Huntington Town Board Approves 2017 Budget

The Huntington Town Board, at its November 10, 2016 meeting, approved a $191 million spending plan for 2017 that maintains all Town services at current levels while calling for a modest tax increase above the state tax cap.

The $190,011,856 budget freezes all salaries and calls for some positions to be eliminated through attrition. It does hold social, youth and arts programs at 2016 funding levels. There will be no impact to Town services, as general department funding has also been held to a status quo.

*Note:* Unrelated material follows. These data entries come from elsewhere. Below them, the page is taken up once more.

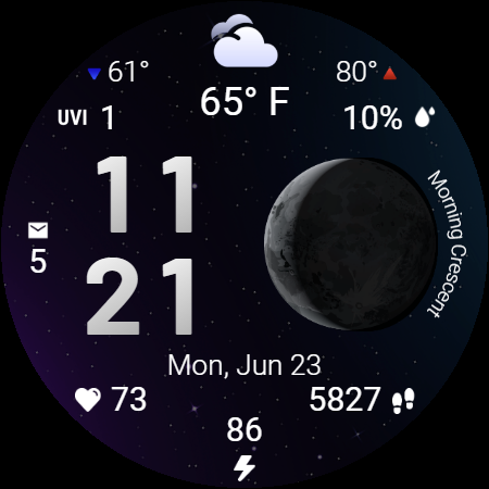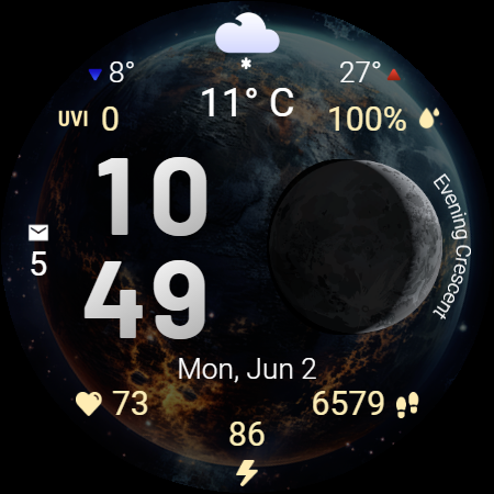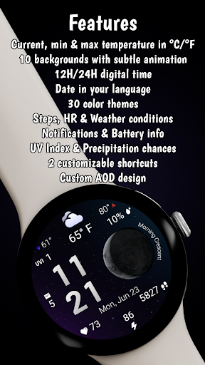 Moon & Weather stands out with its rich set of features tailored to enhance user experience on Wear OS devices. Here are five notable features: 1. Live Moon Phase Visualization - Displays accurate moon phases with labels providing users with real-time astronomical insights right on their wrists. 2. Customizable Space-Themed Backgrounds - Offers ten beautifully animated space-themed backgrounds allowing users to personalize their watch faces according to their preferences. 3. Comprehensive Weather Dashboard - Provides detailed weather information including current temperature, daily temperature ranges, UV index levels, and precipitation probabilities ensuring users stay informed about environmental conditions. 4. Health Monitoring Integration - Tracks vital health statistics such as heart rate and step count empowering users to maintain better control over their fitness goals directly from their smartwatches. 5. Optimized Always-On Display Mode - Ensures continuous visibility of key information even when the screen is in low-power mode by mirroring the main layout thus balancing utility with energy efficiency.
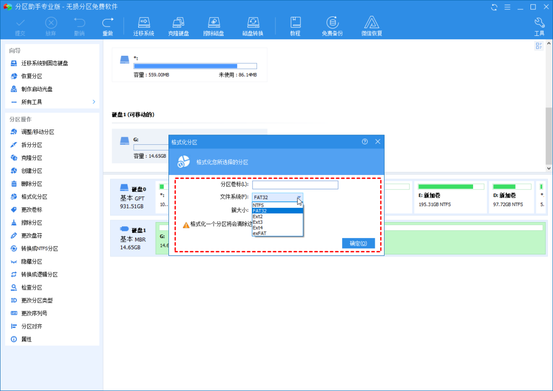 因此,当您无法在Windows中将U盘格式化为FAT32或NTFS时,该免费软件可以帮助您修复这个问题。在格式化之前,请提前备份必要的文件,因为数据都将被删除。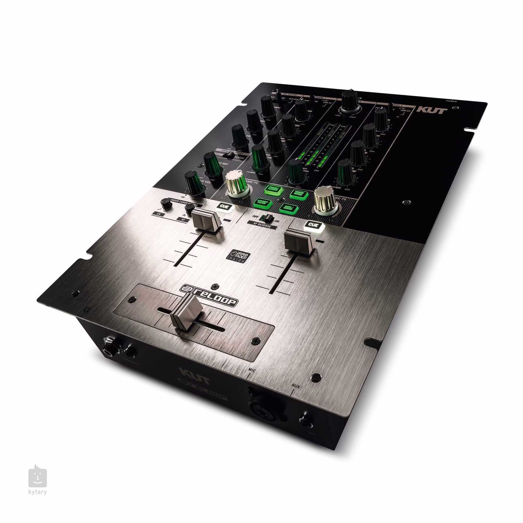 Reloop KUT je digitální mixer, který nabízí dva kanály, innofader a Dynamic FX sekci se sedmi efekty pro kreativní remixy. Samozřejmostí je zabudovaná zvuková karta.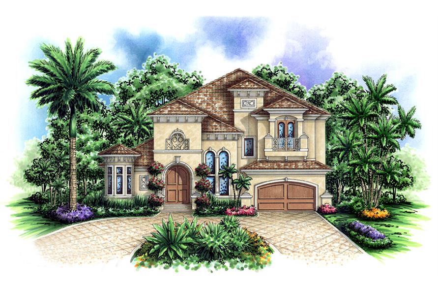 This lovely Tuscan style home with Mediterranean influences (House Plan #175-1152) has 3233 square feet of living space. The 2 story floor plan includes 4 bedrooms.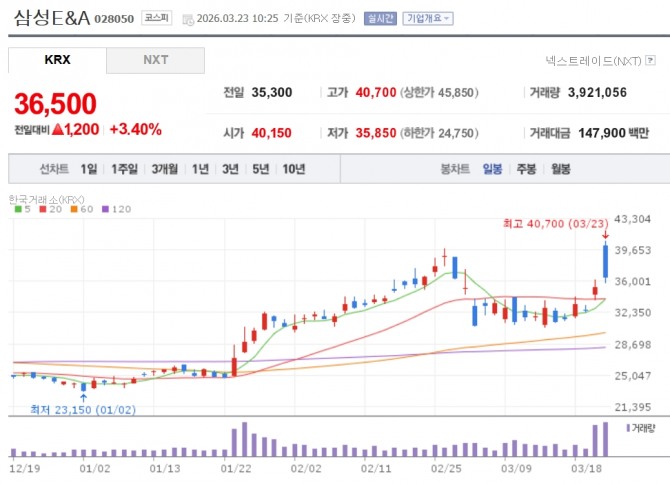 이미지 확대보기23일 한국거래소에 따르면 오전 10시 25분 기준 현재 전 거래일 대비 3.40% 오른 3만 6500원에 거래되고 있다.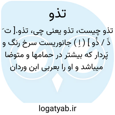 تذو.[ ت َ ذَ / ذُو ] ( اِ ) جانوریست سرخ رنگ و پَردار که بیشتر در حمامها و متوضا میباشد و او را بعربی ابن وردان گویند. ( برهان ) ( آنندراج ). ابن وردان، که جانوریست سرخ رنگ و پردار و بیشتر در گرمابه ها میباشد. ( ناظم الاطباء ). سوسک سرخ که بیشتر در حمامها و در بالوعه ها باشد. سنگم. ( مهذب الاسماء ). سوسکه. ( خلاص نطنزی ) ( حاشیه برهان چ معین ). رجوع به تدو و ابن وردان شود.

The tax levy is projected to increase by $3.2 million to $117.7 million, a 2.85 percent raise, which is about $2.2 million above the growth that would have been allowed under the 0.68 percent state tax cap figure. However, at the September 27, 2016 meeting, the Town Board voted unanimously to pierce the cap because of the draconian measures that would have been required to adhere to it, including cutting funding for the arts and Town youth and social programs, programs that the public wants and have come to expect as part of what makes up Huntington’s quality of life.

During the discussion of piercing the cap at the September 27, 2016 Town Board meeting, Supervisor Frank P. Petrone noted that even after making those cuts, the Town, to stay under the 0.68 percent cap, would have had to lay off employees, further reducing a workforce that is 25 percent smaller than only a few years ago. He noted that residents would feel the effects of those cuts in the form of reduced services and maintenance and hours at Town facilities and longer waits at Town Hall.

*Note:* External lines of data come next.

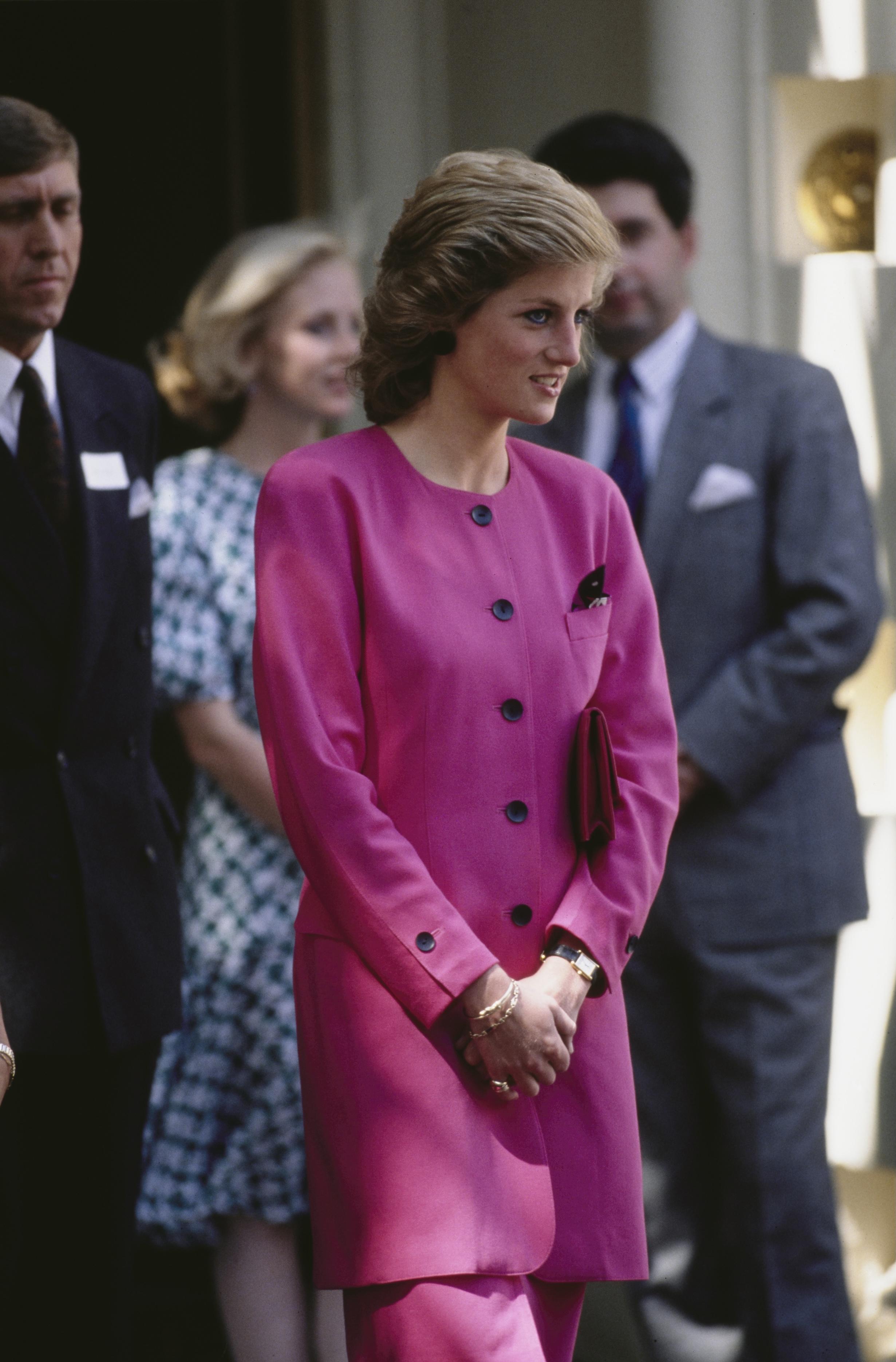 As per The Princess Diana Museum, the pink wool suit in question was worn by her on multiple public occasions from 1988 until 1990. She too paired the designer ensemble with black accessories but has been captured taking the monochrome route as well with a pink purse. It went to be donated to a local charity store to raise funds for her supported charities, where it was then preserved by the store owner.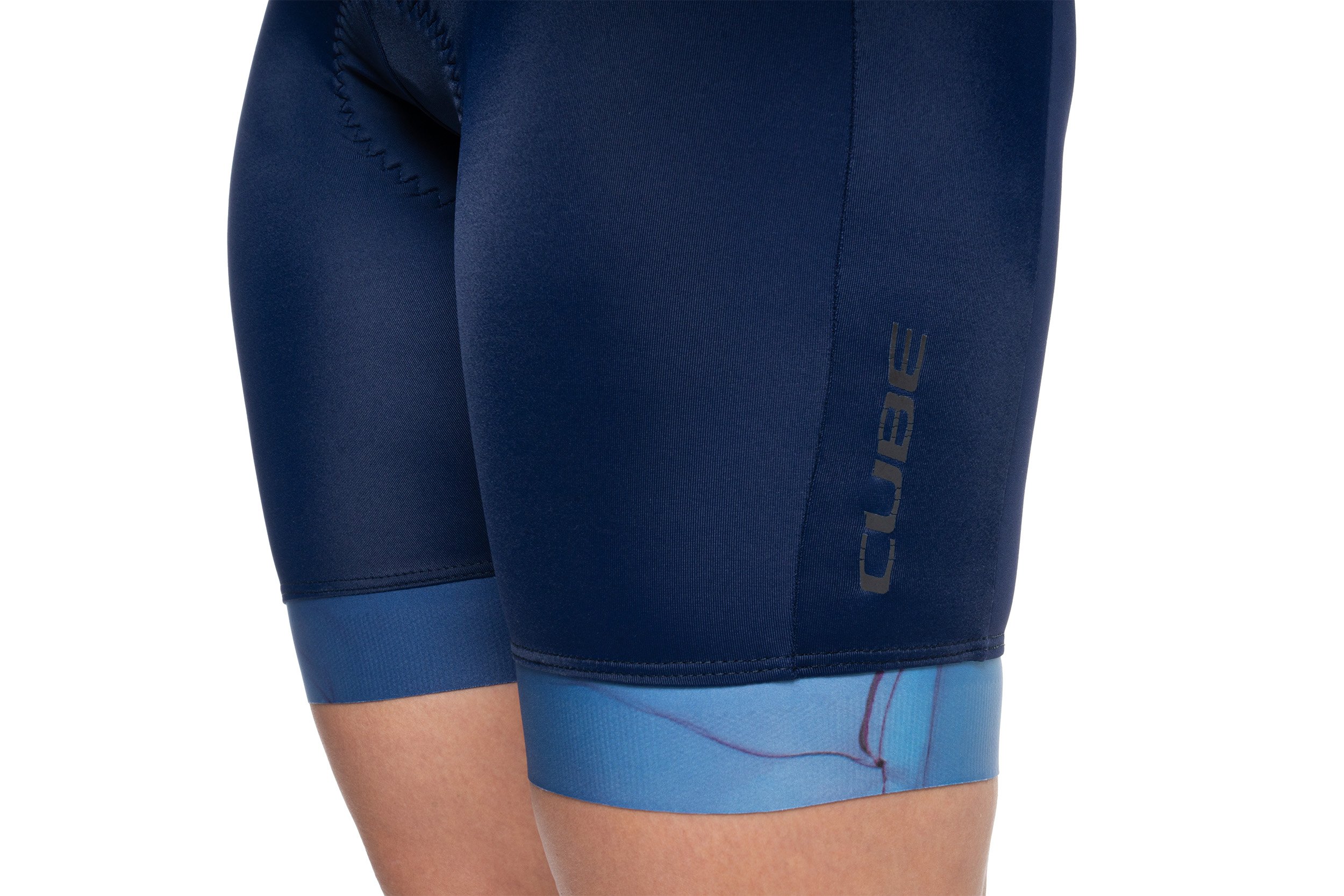 The CUBE Road/XC Bib Shorts were specifically designed for women, offering an optimised fit with maximum freedom of movement. The high-quality, abrasion-resistant stretch fabric with Lycra is quick-drying and ensures lasting comfort – even on long-distance rides. Streamlined seams minimise friction points, enhancing overall comfort. The thoughtfully engineered design also makes outdoor breaks more convenient. The women-specific chamois provides targeted cushioning and optimal pressure distribution for long-lasting support. Elastic leg grippers with silicone keep the shorts securely in place, while reflective details enhance visibility in low-light conditions.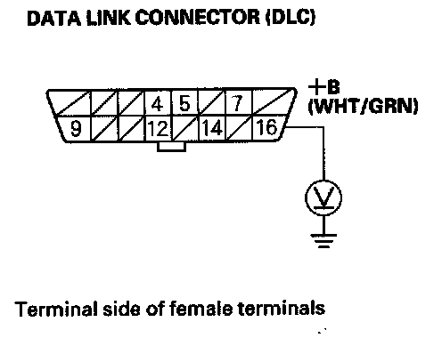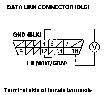 3. Measure voltage between DLC terminals No. 5 and No. 16.

“I wish to thank my fellow Board members, who continue to work with me by taking the prudent, fiscally responsible steps that have enabled me to submit this budget; a budget that serves the Town residents well by maintaining the current level of services and increasing the tax levy only by that amount required to fund Federal and State mandated expenses, which are wholly outside the control of the Town Board,” Supervisor Petrone said in his message for the budget’s final version.

Supervisor Petrone noted that the increased spending covers costs over which the Town has no control, including materials, equipment, utilities, fuel and – most notably – the state-managed health insurance program. The state informed the Town that health insurance costs will rise 11 percent next year, or $2.6 million – a single item that is two and a half times greater than the growth allowed by the cap.

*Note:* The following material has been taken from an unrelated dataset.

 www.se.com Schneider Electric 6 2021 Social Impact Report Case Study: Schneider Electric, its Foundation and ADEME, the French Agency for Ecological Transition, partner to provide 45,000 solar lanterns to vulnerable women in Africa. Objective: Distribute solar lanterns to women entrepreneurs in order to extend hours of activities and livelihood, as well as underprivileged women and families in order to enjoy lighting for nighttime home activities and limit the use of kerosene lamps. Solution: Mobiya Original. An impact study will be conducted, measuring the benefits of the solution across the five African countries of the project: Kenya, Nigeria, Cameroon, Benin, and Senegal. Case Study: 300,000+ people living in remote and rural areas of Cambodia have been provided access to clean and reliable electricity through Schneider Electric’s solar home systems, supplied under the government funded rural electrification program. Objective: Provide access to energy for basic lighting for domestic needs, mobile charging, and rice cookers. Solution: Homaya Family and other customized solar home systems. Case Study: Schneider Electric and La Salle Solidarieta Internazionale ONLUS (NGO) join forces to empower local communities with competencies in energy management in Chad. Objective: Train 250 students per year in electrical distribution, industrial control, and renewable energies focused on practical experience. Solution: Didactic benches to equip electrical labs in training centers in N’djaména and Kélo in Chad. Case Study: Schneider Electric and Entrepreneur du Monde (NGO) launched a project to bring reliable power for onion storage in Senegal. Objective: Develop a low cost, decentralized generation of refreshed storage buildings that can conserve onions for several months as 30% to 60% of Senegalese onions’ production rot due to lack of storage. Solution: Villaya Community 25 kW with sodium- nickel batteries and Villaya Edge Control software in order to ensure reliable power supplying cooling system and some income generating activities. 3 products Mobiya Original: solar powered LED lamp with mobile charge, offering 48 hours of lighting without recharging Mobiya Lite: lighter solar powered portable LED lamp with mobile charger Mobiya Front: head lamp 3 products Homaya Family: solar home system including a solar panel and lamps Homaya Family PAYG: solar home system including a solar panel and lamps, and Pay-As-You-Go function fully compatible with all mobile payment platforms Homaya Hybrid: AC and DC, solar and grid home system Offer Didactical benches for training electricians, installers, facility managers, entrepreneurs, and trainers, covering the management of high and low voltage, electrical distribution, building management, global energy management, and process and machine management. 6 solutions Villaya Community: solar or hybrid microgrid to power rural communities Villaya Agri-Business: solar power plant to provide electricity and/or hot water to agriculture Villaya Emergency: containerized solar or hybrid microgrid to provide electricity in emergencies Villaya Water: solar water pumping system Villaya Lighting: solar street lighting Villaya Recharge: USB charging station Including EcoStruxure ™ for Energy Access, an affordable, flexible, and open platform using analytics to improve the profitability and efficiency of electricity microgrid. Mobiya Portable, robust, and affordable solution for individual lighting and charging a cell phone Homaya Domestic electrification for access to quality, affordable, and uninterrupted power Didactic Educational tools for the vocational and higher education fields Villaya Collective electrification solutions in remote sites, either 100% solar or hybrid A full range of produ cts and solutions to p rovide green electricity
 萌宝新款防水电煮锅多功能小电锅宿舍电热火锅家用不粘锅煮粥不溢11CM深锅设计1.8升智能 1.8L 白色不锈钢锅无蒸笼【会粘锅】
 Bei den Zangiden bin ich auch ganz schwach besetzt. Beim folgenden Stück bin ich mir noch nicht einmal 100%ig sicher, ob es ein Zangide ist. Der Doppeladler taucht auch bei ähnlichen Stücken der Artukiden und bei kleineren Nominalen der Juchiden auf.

Supervisor Petrone said the tax cap hampers efforts to pursue some potentially popular initiatives, including renewing the Open Space Bond Act (which expires in June 2018), approving an East Northport Business Improvement District and building a parking structure in Huntington Village. Doing so, he noted, would entail a “substantial” additional piercing of the cap.

“While I concur with the fundamental concept behind the cap and applaud the recognition on the part of our elected officials in Albany that real property taxes are of paramount concern to every resident of this State, I do believe there needs to be modification of the language in the current legislation, so that the unintended consequence of limiting growth and new initiatives is eliminated,” he wrote. “As I have indicated in the past, expanded services are not necessarily examples of government waste, something that as written, Tax Cap Act presumes.”

The Supervisor noted that he has asked Huntington’s state legislative delegation to sponsor legislation that would exempt from the cap programming and expenditures put before the general public for a referendum vote and approved by majority.

“For example, our Open Space Bond Act, which has funded many environmentally sensitive property acquisitions, neighborhood enhancements, park improvements, and green infrastructure initiatives, was put to the voters for approval, on two separate instances. Huntington residents overwhelmingly voted to increase the tax levy each time, so that these essential purchases and infrastructure improvements could be made.  A referendum vote to tax for specific services should not count towards the annual tax levy cap,” the Supervisor wrote.

Click here for the 2017 Budget

In other action, the Town Board:

— authorized transferring Town-owned property at New York Avenue and Northridge Street in Huntington Station to Renaissance Downtowns, the Town’s Huntington Station master developer, for construction of a mixed-use building that will include 16 apartments and 6,500 square feet of retail space. This building is one of several projects Renaissance has proposed as part of Huntington Station revitalization.


— authorized an agreement with a three-artist team to design a sculpture for Sweet Hollow Park, which is under construction in Melville. All of the artists on the team are local.


— voted, after holding a public hearing, to revoke the license agreement with Florida-based Integrity Golf Company LLC to operate the Town’s Crab Meadow and Dix Hills Park golf courses.


— waived parking meter fees in Huntington Village for the holiday shopping period, from November 25 to January 1.


— approved an increase in HART bus fares. The changes increase the cost of a single ride for an adult to $2.25 from the current $2 and a single ride on paratransit service to $4 from the current $3. A 10-trip booklet will rise to $17 from the current $15. Other fares are unchanged.